I can't recommend plants as everyone I tried died. Even spiderplants which are supposed to be really easy to look after! ::

----------


## justine

> lol!!!! I know thurso store sucks....big time!!! What cost are homebase's plants


They not too bad. I have a load at home. got them from homebase...go at the end of the week they have some bargains then.....

----------


## rob16d

Thanks for the link Liz. Will research before hand...don't want anyting to hurt my babies  :Frown:  Cheers Unicorn and dandod...where are chilli plants available?

----------


## justine

> Thanks for the link Liz. Will research before hand...don't want anyting to hurt my babies  Cheers Unicorn and dandod...where are chilli plants available?


You could try CHILLI>>>>>>>>>>>>>>>> ::

----------


## dandod

> Thanks for the link Liz.

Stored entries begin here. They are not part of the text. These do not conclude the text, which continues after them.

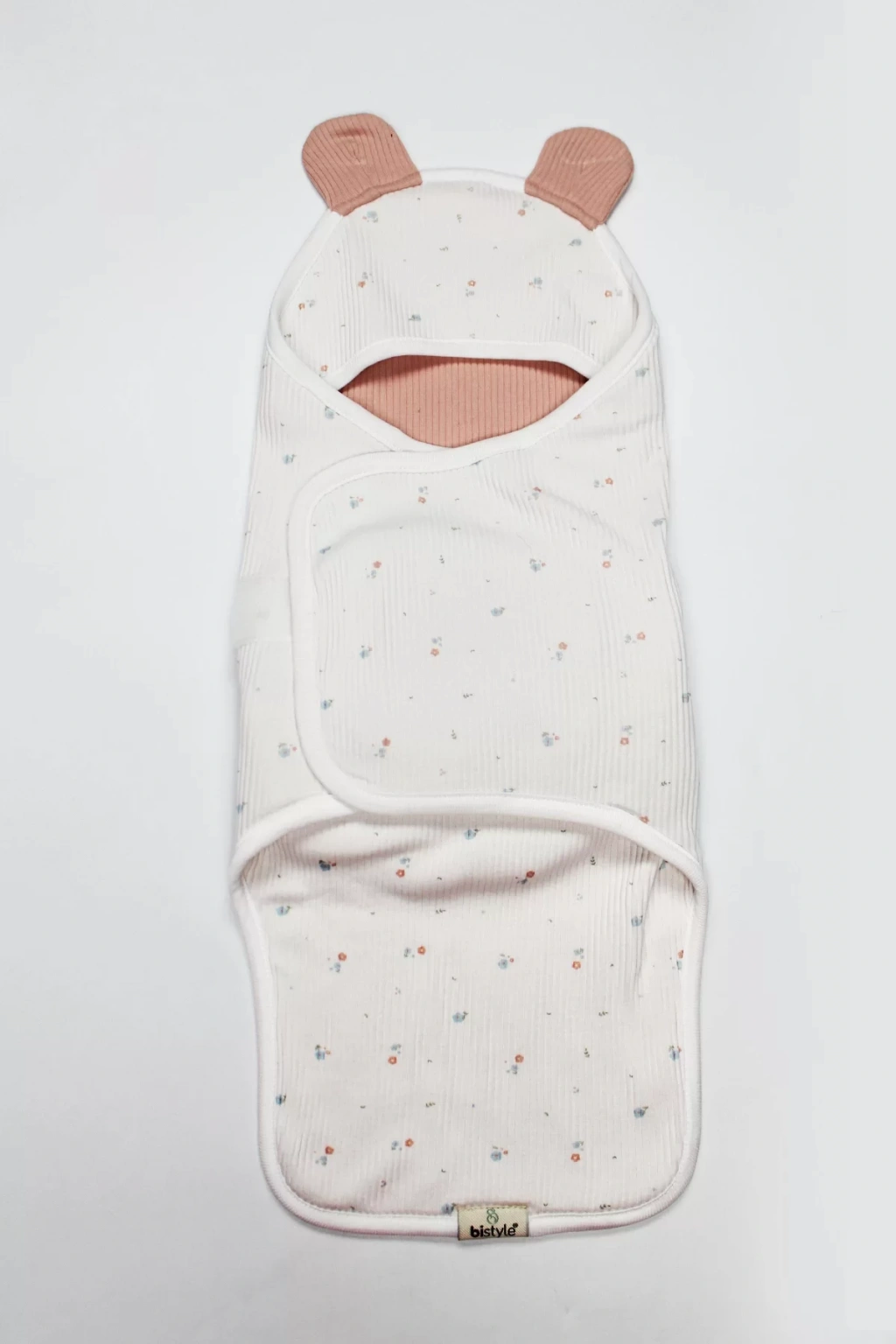 Yenidoğan İlkbaharın Tavşanı Nakışlı Çıt Çıt Kapamalı Bebek Kundak Ekru
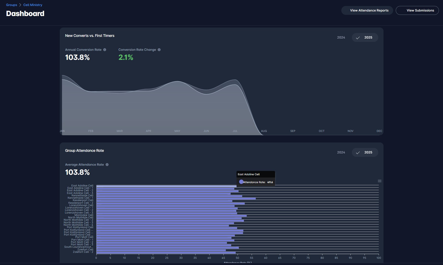 Track any group type from cell groups to departments, and their performance. All fully customizable to any structure!
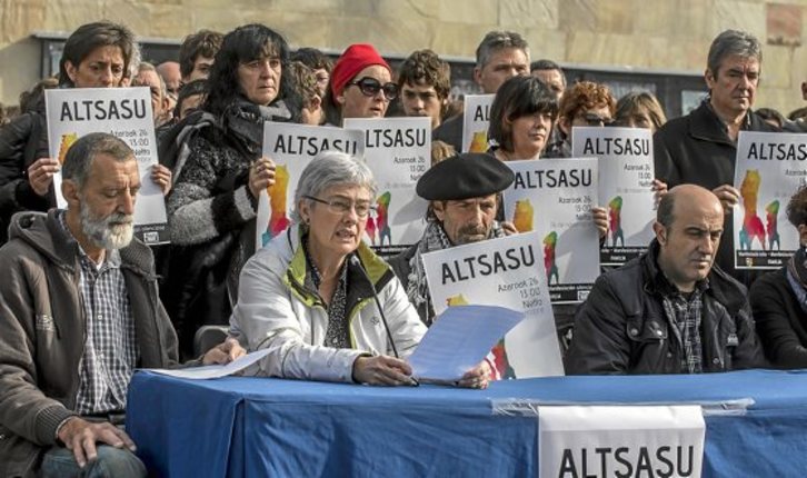 Un millar de vecinos de Altsasu participó ayer en la rueda de prensa en la que ediles, integrantes de la plataforma popular y familiares de los detenidos anunciaron que una movilización con el lema «Altsasu» tendrá lugar en esta localidad de Sakana este próximo sábado a las 13.00, para denunciar que se ha criminalizado a todo un pueblo.
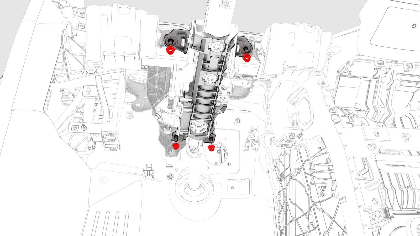 20. Remove the nuts (x4) that attach the steering column to the cross car beam.
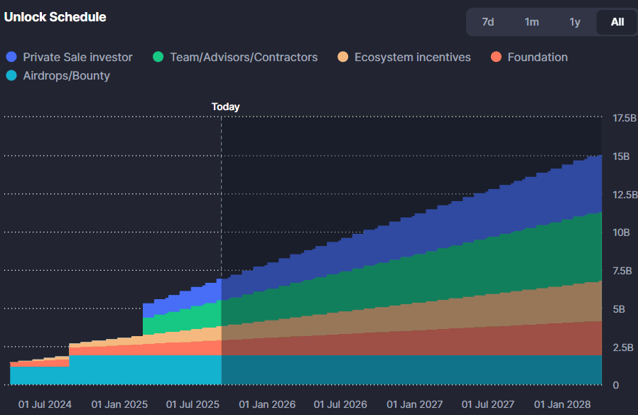 Pokud se vám projekt zalíbil, mějte na paměti, že Ethenu čeká odemčení několika milionů tokenů a budou se tak efektivně ředit současní držitelé kryptoměny.
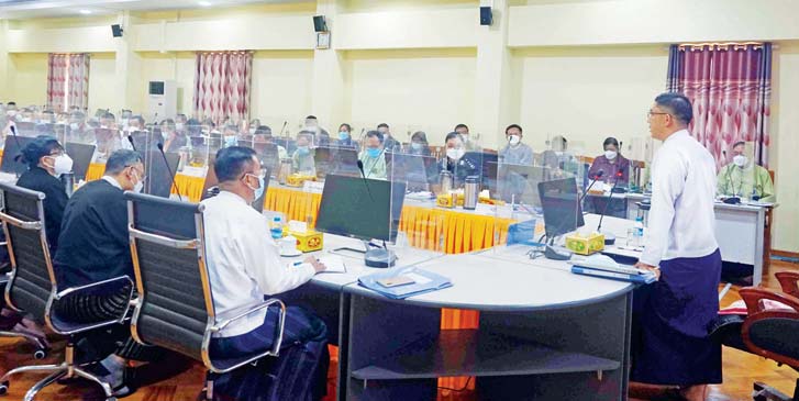 ဆက်လက်၍ တက်ရောက်လာကြသည့် ပြည်နယ်အဆင့်ဌာန ဆိုင်ရာများမှ တာဝန်ရှိသူများက မိမိဌာနအလိုက် လုပ်ငန်းဆောင်ရွက်နေမှု အခြေအနေများနှင့် တွေ့ကြုံနေရသည့် အခက်အခဲ များကို တင်ပြခဲ့ပြီး ပြည်နယ် အစိုးရအဖွဲ့ဝင်များက ဖြည့်စွက် ဆွေးနွေးသည်။
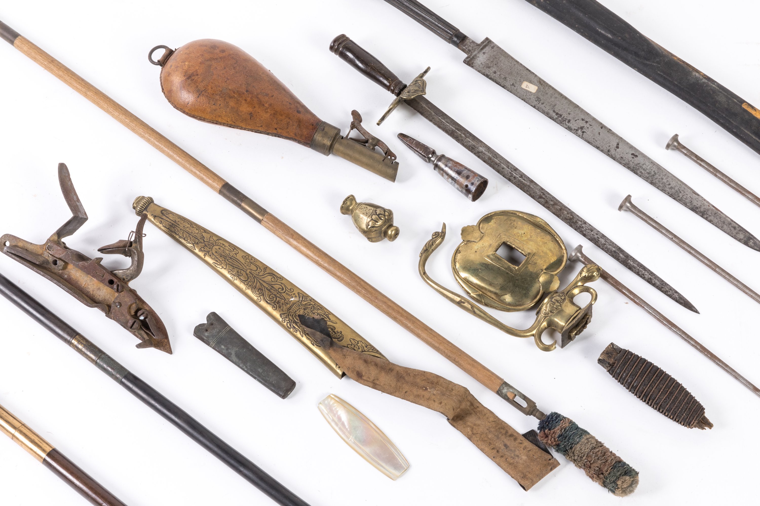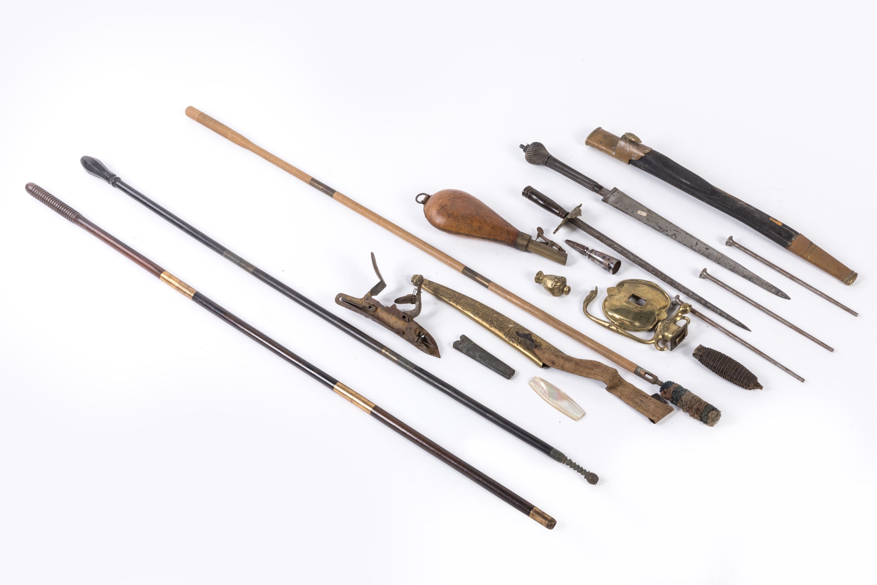 Platine, poire à poudre, baguettes de nettoyage, fusée d’épée, bouterole de sabre modèle 1821 de luxe, baïonnette, etc
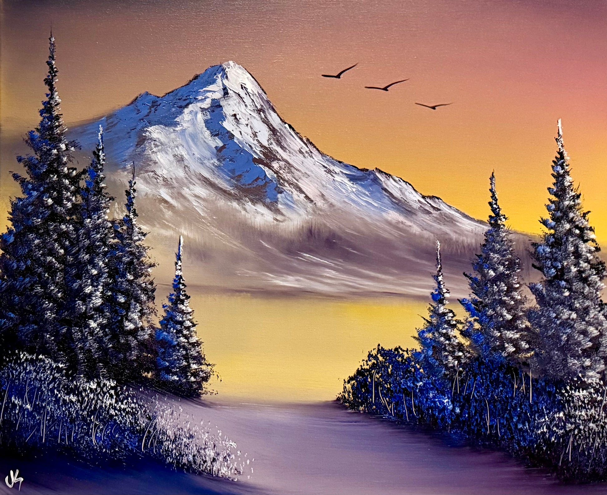 Painting #2146 - 20x24" Canvas - Sunset Mountain Landscape painted 11-14-25
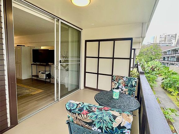 RARE HAWAII STYLE INDOOR/OUTDOOR LIVING ! LARGE OPEN LIVING SPACES AND HUGE COVERED LANAI ! RENOVATED APT. Preferred, corner apt. a in quaint Makiki Boutique building surrounded by single family homes and condos. Apt has a townhouse feel with EASY access directly to your end unit's front door via 2nd floor staircase. X-LG covered lanai runs entire width of apt. with a privacy divider and relaxing treetop, city, mountain views. “Dine in” while dining out on the shaded lanai, meditate, exercise, or relax and surf the web. Roomy floor plan has just under 500 Sq. ft. total combined indoor/outdoor. High ceilings with floor to ceiling windows. Soft blue hued wooden kitchen cabinets, White Quartz countertops & back splash, Vinyl plank flooring, wall mirrors. Painted & re-textured ceiling (No popcorn). X-Lg. bathroom w/storage cabinet, re-glazed bathroom tiles w/a combo shower and Zen soaking tub. Detached wardrobe armoire. Swim at the pool while doing laundry nearby. Air conditioner. Near major bus lines, Punahou school, UH, Ala Moana shopping, downtown. No assigned parking. Street parking only. High owner occupancy. Res.manager.Pets Cat/bird ok verify. Enhanced photos. 1031 Exchange
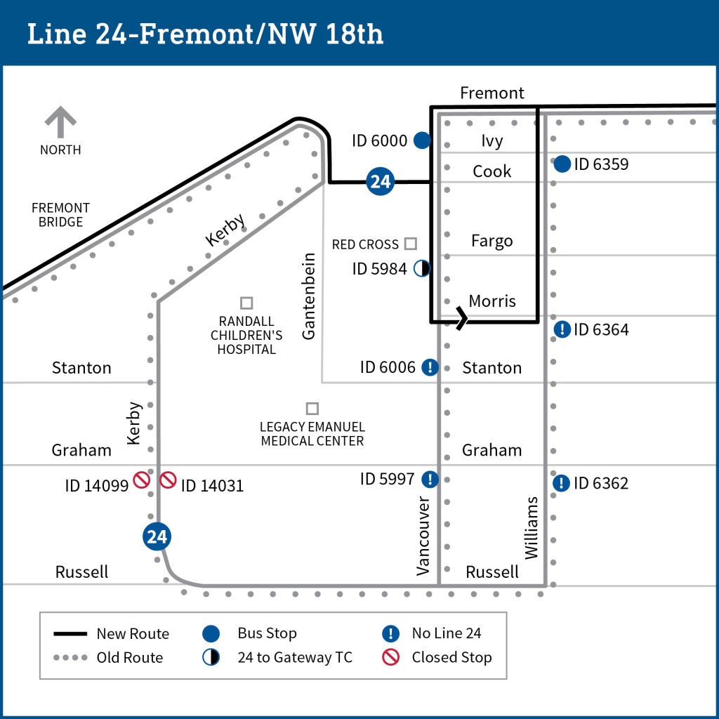 Map shows part of north Portland from N Russell St to N Fremont, with details of the old route for bus Line 24 side-by-side with the new route. The old route travels from the Fremont Bridge, down Kerby, turns east at Russell, and forms a loop on Vancouver and Williams past Russell, Knott, Graham, Stanchion, Morris, Monroe, Fargo, Cook, and Ivy before turning at N Fremont St. The new route eliminates the turn on Kerby, and instead continues generally east from the Fremont Bridge to N Fremont S, where it turns onto Vancouver, then Morris, then Williams, to form a loop back to Fremont. Stops 14099 and 14031 will be closed, and the following stops will no longer be included on Line 24: 5997, 6006, 6364 and 6362. Stop 5984 at Red Cross will become an eastbound stop to Gateway Transit Center.
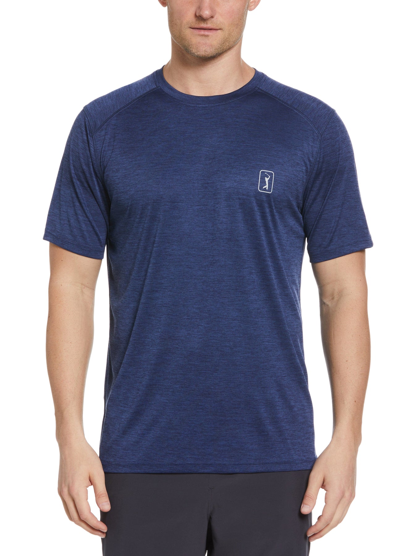 Look and feel like a winner course in this PGA TOUR men's crew neck golf shirt on or off the course. Double-knit fabrication offers durability and performance stretch fabric allows for a greater range of motion with every swing. This comfortable short sleeve golf top is equipped with moisture-wicking technology to help you feel dry and sun-protection technology to help keep skin safe from UV rays. The versatile solid color pairs well with the rest of your golf attire and a PGA TOUR logo at the left chest adds a sporty finishing touch. It's the perfect choice for golf days and casual days.
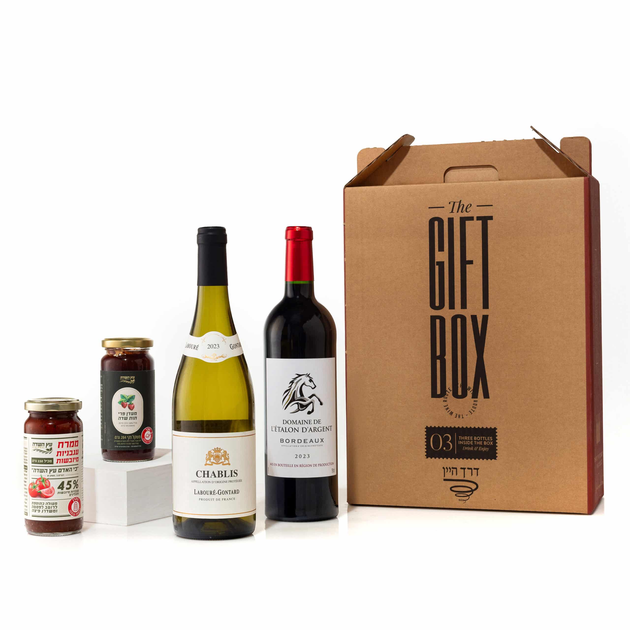 חוויית יין צרפתית קלאסית במארז חגיגי הכולל שני יינות כשרים מאזורי היין היוקרתיים בורדו ובורגון. שילוב מושלם של אדום עוצמתי ולבן אלגנטי, בשילוב 2 מעדנים מביץ עץ השדה : פירות יער ועגבניות מייובשות לחגיגות הפסח ולמתנה יוקרתית.
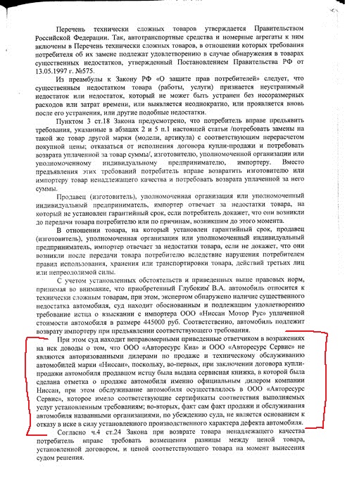 Доводы ООО «Ниссан Мотор Рус» о том, что автомобиль приобретался и обслуживался не у авторизованного дилера, суд признал неправомерными, поскольку при заключении договора купли-продажи покупателю была выдана сервисная книжка с отметкой о продаже и предпродажной подготовке именно официальным дилером компании Ниссан, а обслуживание проводилось в организации, имевшей сертификаты соответствия выполняемых работ установленным требованиям.
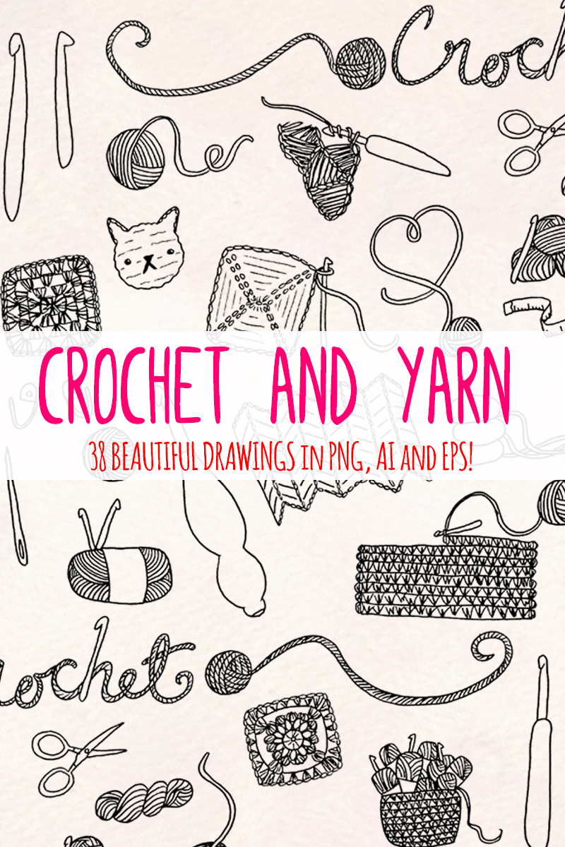Download Иллюстрация "33 Crochet and Yarn Themed - Illustration" / 33 Crochet and Yarn Themed - Illustration - Иллюстрация на тему графика graphics blog illustration vector commercial use hand drawn line art crochet yarn granny square hank ball of hook
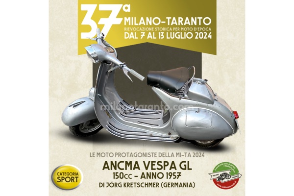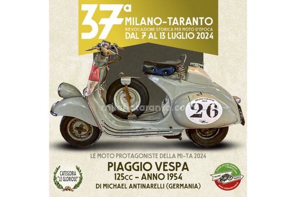 A great range of vintage Vespa, Gilera and Moto Guzzi motorcycles took part in the event: a selection can be seen in this photo gallery. We’ll leave it to the readers to guess the vehicle models, and to discover the winners of the MI-TA 24 on the event website: www.milanotaranto.com
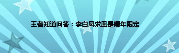 以上就是王者知道问答:李白凤求凰是哪年限定的推荐,相信通过王者知道问答:李白凤求凰是哪年限定这篇文章能帮到你,也欢迎对游戏很感兴趣小伙伴们一起来探讨。
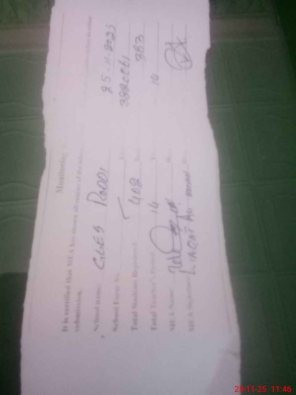 | Certified that this School was Inspected by the Undersigned MEA/DMO Today and the Information Stated Above is as Per Record. | |||||
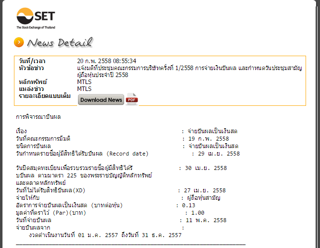 Mtls น่าเข้ายัง คับ ราคา ล่วงมาจาก45บาท
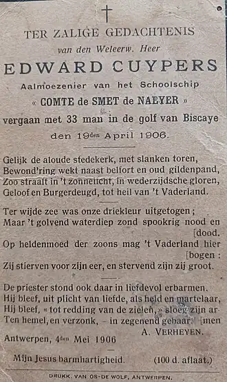 Tijdens de tweede reis van de Comte de Smet de Naeyer was hij een van de 33 opvarenden die de ramp niet overleefden.[2]
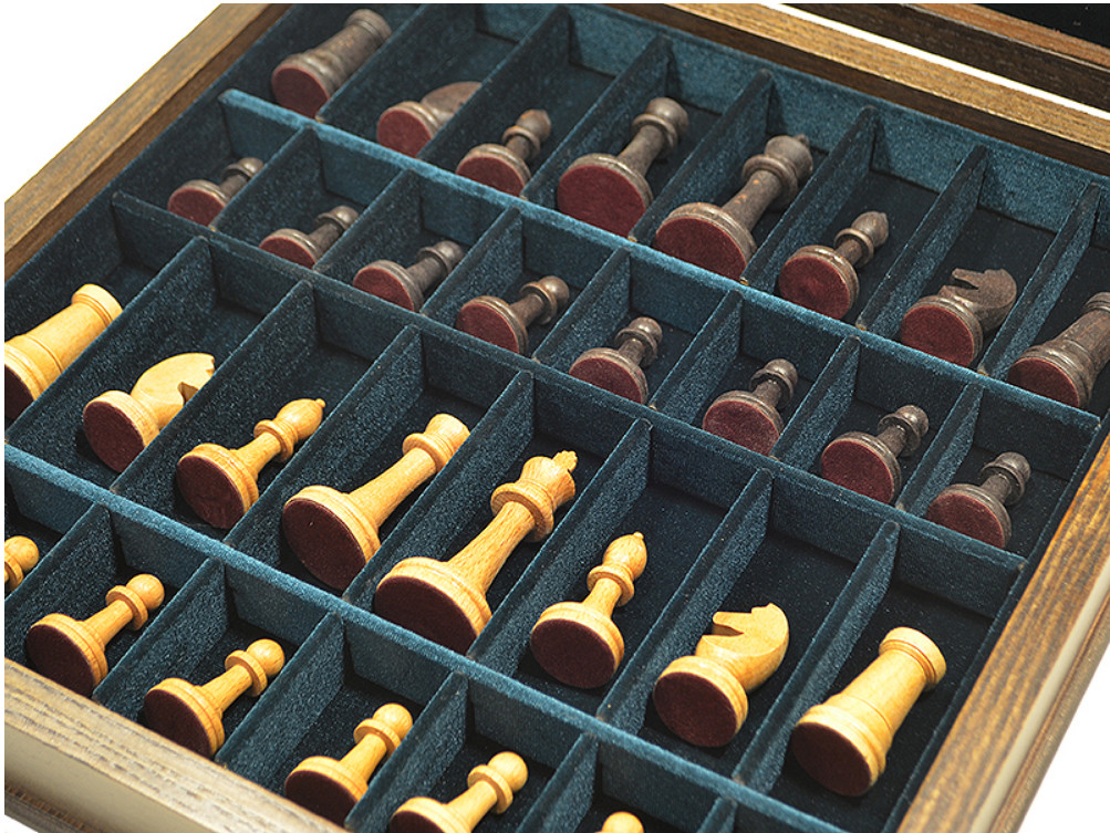 Шахматный ларец выполнен в технике маркетри с использованием шпона ценных пород дерева. Высококачественная фурнитура. Внутреннее пространство ларца отделано качественным итальянским бархатом и оснащено удобными углублениями для бережного хранения фигур.
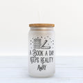 A Book a Day Keeps Reality Away Frosted Glass Can Tumbler
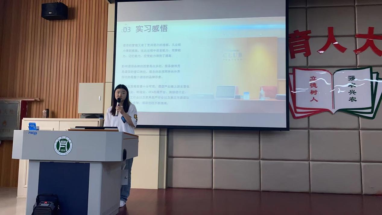 会议开始,首先由旅游管理学院副院长余兵宣读了优秀实习生名单。然后旅游管理学院党总支副书记杜丽、副院长陈婷及副院长余兵等学院领导为2020级本科优秀实习生颁发奖金和荣誉证书。随后2020级本科优秀实习生代表做了实习经验交流,她们以自己的亲身实习经历为例,介绍了实习中可能遇到的问题以及解决方法,并感谢学院的精心安排以及酒店领导对实习生的关怀。
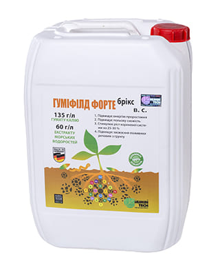 Високоефективний, водорозчинний препарат, що містить солі гумінових кислот, екстракт морських водоростей до складу яких входить комплекс фітогормонів і фізіологічно активних речовин, амінокислоти та мікроелементи природного походження в легкодоступній формі для рослин.

Will research before hand...don't want anyting to hurt my babies  Cheers Unicorn and dandod...where are chilli plants available?


 
not actually too sure mine was a cutting.you could try wick garden centre,not sure if its still open though.or just buy the chilli plant seeds.try woolworths.

----------


## trinkie

Rob16   If you are in Thurso,   I will send some cuttings to a friend who will leave them in the Charity shop for you !
I have sent so many cuttings - one package a day for three months when a friend needed some !!    So I am well used to it.

I will be in touch regarding collection !   


Trinkie

----------


## rob16d

Hi Trinkie, thanks, wouldn't it be easier if you just sent them direct to my house? What cuttings can you send me? Rob

----------


## quality

I can send you some newspaper cuttings Rob.

----------


## Julia

> I can send you some newspaper cuttings Rob.


Then he could grow some dhalias!  ::

----------


## rob16d

> Then he could grow some dhalias!


Hahahaha......maybe not! Good joke though! Seriously, does anyone have any other cuttings?

----------


## quality

Rob try Ebay

----------


## trinkie

There you are  !  You have been transplanted !!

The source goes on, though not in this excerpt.